Learning to pray is not just a “fake it till you make it” proposition. As with any other area of life, we need to be taught; we can benefit from the experience of those who have gone before us. While it is true that prayer must be more than a “technique,” it is also true that prayer is more than a vague and purely subjective experience. Thus teaching can help us to find what is best and to avoid pitfalls that can discourage us.
Of all the books on prayer I recommend, The Fulfillment of All Desire by Dr. Ralph Martin is at the very top of my list. Anyone for whom I have been a spiritual director will attest that my first request of him or her is to obtain a copy of Dr. Martin’s book and begin reading it.

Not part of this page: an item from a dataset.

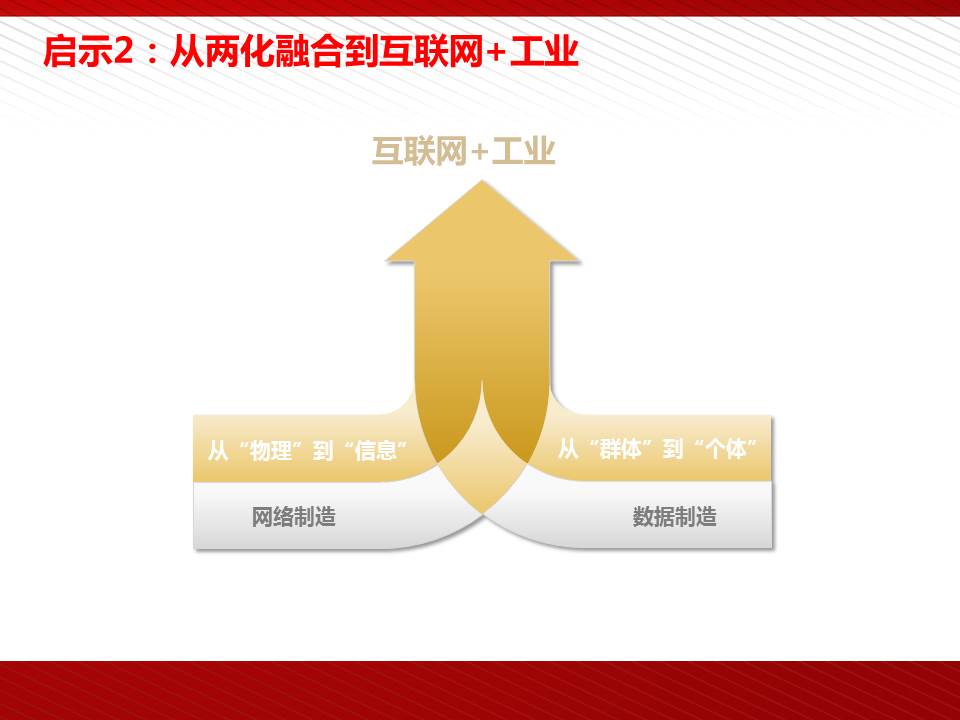 未来工业怎么办,以前工业工信部讲两化融合,未来应该是两化融合进一步发展成互联网+工业,互联网+制造业,从产品角度来看,从物理到软件,物理到信息,不是生产一个硬件的产品,不是卖产品,卖的是软件、服务和解决方案。从产品角度来看,不是面向群体大规模生产而是面向个体搞定制化生产。

The book is valuable not only due to Ralph’s own wonderful insights, but also because he organizes and summarizes the teachings of the great Doctors of prayer (from the Catholic and Western traditions) so well. He draws heavily from St. Paul, St. Augustine, St. Teresa of Avila, St. John of the Cross, St. Catherine of Siena, St. Francis De Sales, St. Therese of Lisieux, St. Bernard of Clairvaux, and St. Thomas Aquinas.
He organizes the material along the fundamental stages of prayer: the purgative way, the illuminative way, and the unitive way. In the purgative stage we seek, by God’s grace, to identify our sins and attachments and to become increasingly free of them. We undergo basic conversion and begin to develop the habit of prayer. In the illuminative stage we see our love for and intimacy with God and neighbor increase, the virtues grow stronger within us, and our prayer become quieter and deeper. In the unitive stage, having made progress by grace, we receive a habitual, deep, and ever-deepening union with God, marked by joy, humility, and stability.

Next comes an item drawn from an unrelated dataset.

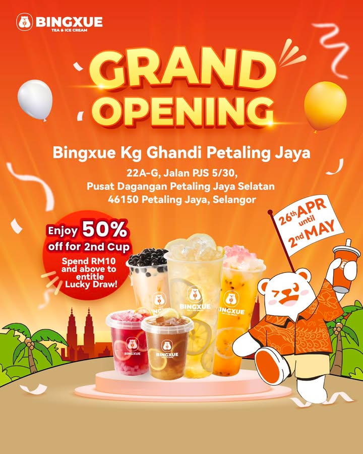 Don’t miss this fantastic opportunity to be part of our grand opening at Kg Ghandi. Whether you’re a long-time fan of Bingxue drinks or new to our brand, we welcome you to share in the festivities. Enjoy the special discounts, take memorable photos, and taste our signature beverages freshly brewed for the occasion.

In his presentation of each stage, Dr. Martin samples richly from the writings of the saints and the teaching of the Church. He also gives much practical advice that helps to root the teaching within the setting of the modern world. He goes to the sources and brings them to us, applying their wisdom to our situation.
Simply put, the book is essential to anyone who seeks a guide to prayer.
And, dear readers, I hope you do seek a guide to prayer, for prayer is essential. Jesus said that temptation is looming, and if we don’t pray our lives can go off track pretty quickly without that remedy. But the Lord did not leave us alone to respond to so great a summons! He has sent us saints and biblical wisdom to teach us. And in our times, He anointed Dr. Ralph Martin to compile and present this wisdom to us freshly and comprehensively.
If you don’t have a copy of The Fulfillment of All Desire, go sell all that you have and buy one! 🙂
4 Replies to “If You’re Looking for a Book on Prayer, Get This One First”
another great column. I’m afraid my friends are getting tired of me giving them copies of your blogs!
I really have to say, though, that great as Dr. Martin’s book is — and it IS great — I still have to put in a plug for Fr. Thomas Dubay’s books on prayer.
Fire Within – I think this is my favorite
Prayer Primer: Igniting a Fire Within
Deep Conversion, Deep Prayer
now .. I need to stop reading about prayer and start doing it.
You do tremendous good for the church and for the world. Plus I enjoy hearing you on Morning Glory.
Yes, Fr. Dubay is top drawer!
Need a book recommendation on getting the most out of Eucharistic Adoration. Please help. Thank you.
Thank you for this suggestion. I bought the Kindle version and it is now on my reading list.
Maryellen Jackson, I, too, have enjoyed these three books from Father Dubay.
I believe that it was through this blog that I first saw Father Dubay’s writings mentioned and that’s when I started reading his books. So that’s a double Thank you, Monsignor.